*Work required*. Reproduce every record below word for word and include no pictures.

*Excerpts from a dataset*.
§
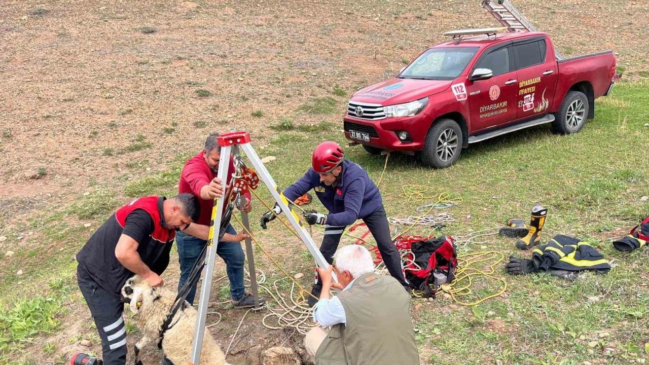 Diyarbakır’ın Bismil ilçesinde kuyuya düşen koyun, itfaiye ekiplerince kurtarıldı.
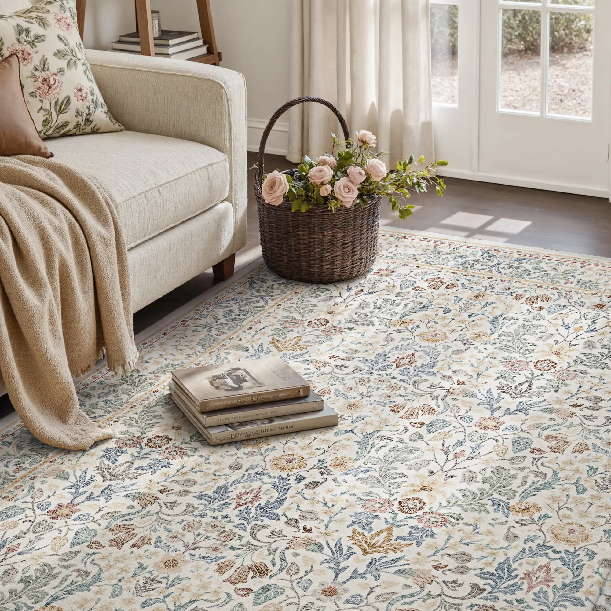 ✨ This vintage floral area rug features a romantic rosette design, adding charm to any room. Neutral tones make it versatile for high-traffic areas like kitchens, entryways, and living rooms. Its aesthetic appeal enhances any cottage-style decor, perfect for cozy summer settings.
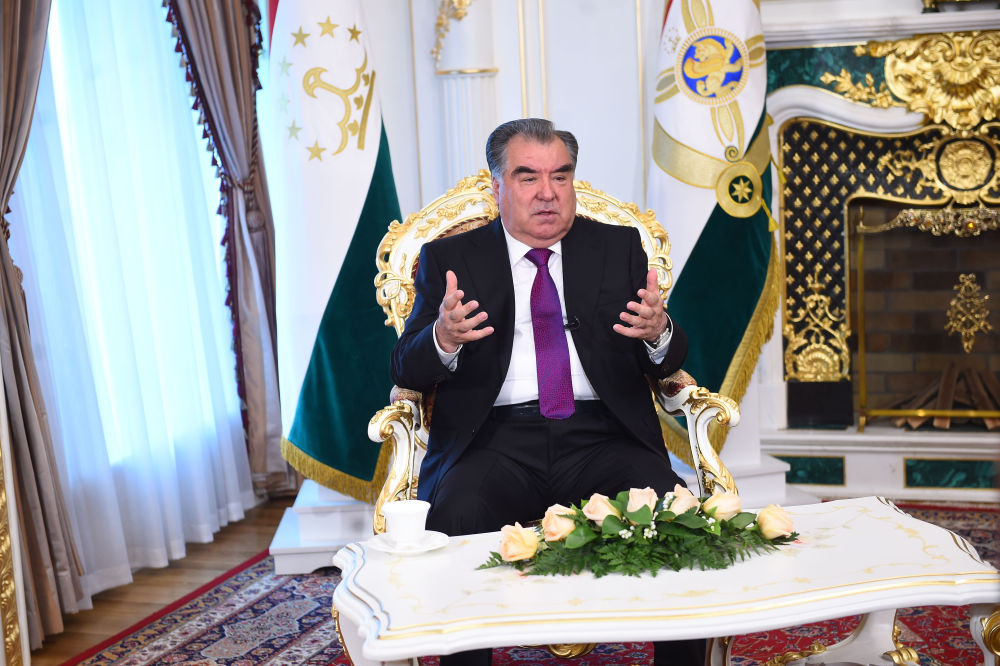2019年4月13日,塔吉克斯坦總統(tǒng)拉赫蒙在杜尚別接受中國媒體聯(lián)合采訪。
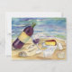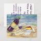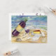 A bottle of red wine tilts against a half full wine glass on the beach. A platter of cheese is ready to be cut, as well as, a second wine is ready to be filled. Seashells are intermingled on the sand beach. Soft pastel colored ocean waves are splashing in the background. The wine label can be personalized for your own message on a bottle! Painting rendered in watercolor. Add your own text to the back of the red wine beach party invitations. Make customized invites with your own text and images for your party invite!
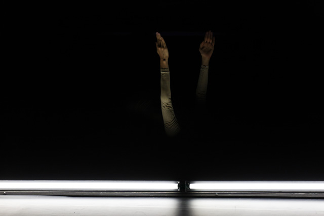 Carried away in a hypnotic ballet of arms, Perrine Valli swirls in front of a carpet of light. A tension is established until she plunges her hands into it and is completely taken up in it. Moving between the neon lights like a nymph in water, offering herself up to space, to light, to the electronic score by Mika Vainio, her body melts into the elements until she is removed from all reality. ADB
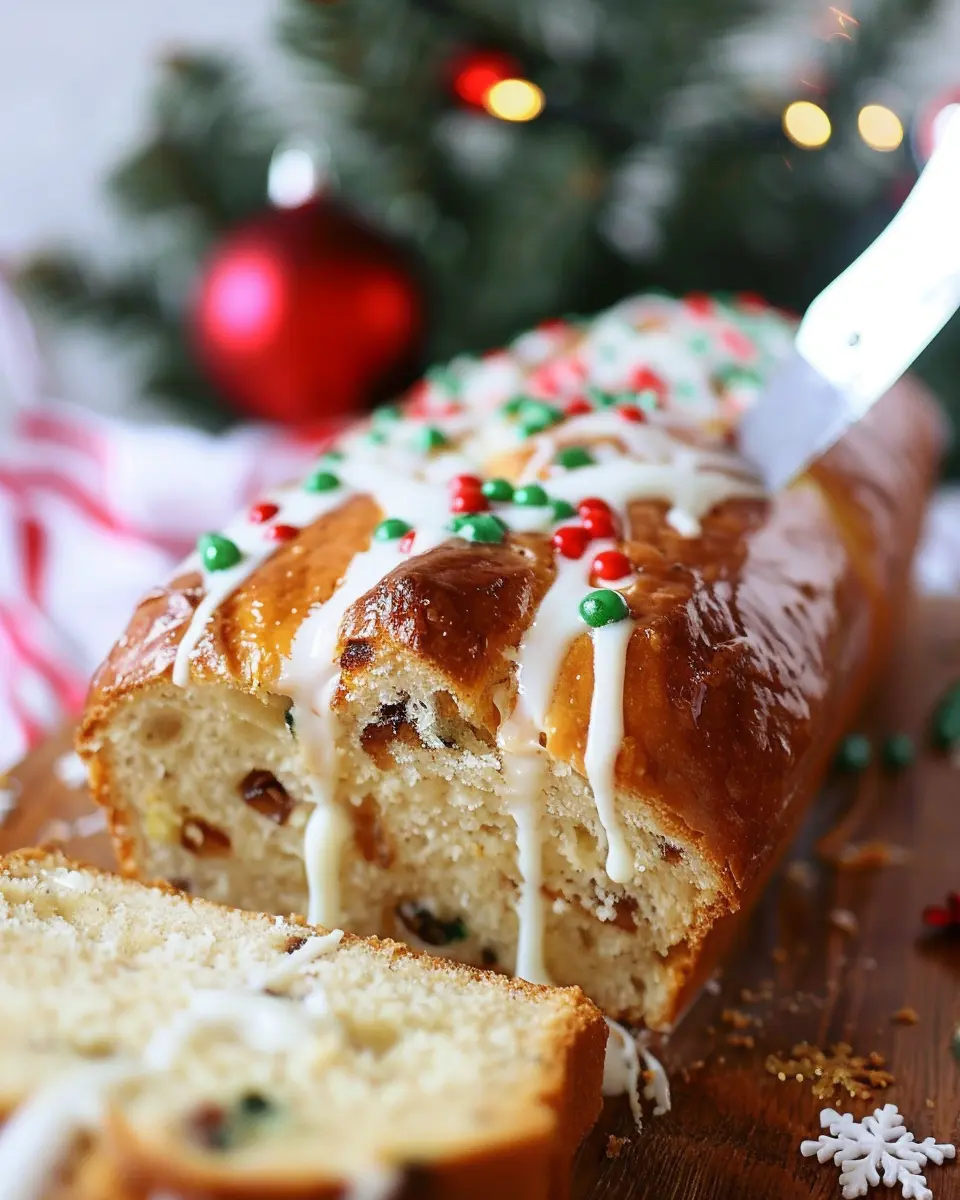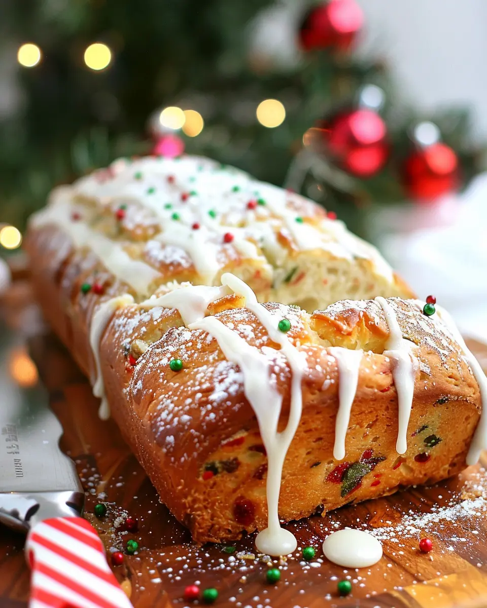 Mix together some powdered sugar and milk to create a light icing. Drizzle this over the cooled bread to add a sweet finishing touch. If you’re feeling extra festive, sprinkle on a few more colorful sprinkles for that eye-catching holiday flair.
§
*Output for this exercise*.
 Diyarbakır’ın Bismil ilçesinde kuyuya düşen koyun, itfaiye ekiplerince kurtarıldı.
 ✨ This vintage floral area rug features a romantic rosette design, adding charm to any room. Neutral tones make it versatile for high-traffic areas like kitchens, entryways, and living rooms. Its aesthetic appeal enhances any cottage-style decor, perfect for cozy summer settings.
2019年4月13日,塔吉克斯坦總統(tǒng)拉赫蒙在杜尚別接受中國媒體聯(lián)合采訪。
 A bottle of red wine tilts against a half full wine glass on the beach. A platter of cheese is ready to be cut, as well as, a second wine is ready to be filled. Seashells are intermingled on the sand beach. Soft pastel colored ocean waves are splashing in the background. The wine label can be personalized for your own message on a bottle! Painting rendered in watercolor. Add your own text to the back of the red wine beach party invitations. Make customized invites with your own text and images for your party invite!
 Carried away in a hypnotic ballet of arms, Perrine Valli swirls in front of a carpet of light. A tension is established until she plunges her hands into it and is completely taken up in it. Moving between the neon lights like a nymph in water, offering herself up to space, to light, to the electronic score by Mika Vainio, her body melts into the elements until she is removed from all reality. ADB
 Mix together some powdered sugar and milk to create a light icing. Drizzle this over the cooled bread to add a sweet finishing touch. If you’re feeling extra festive, sprinkle on a few more colorful sprinkles for that eye-catching holiday flair.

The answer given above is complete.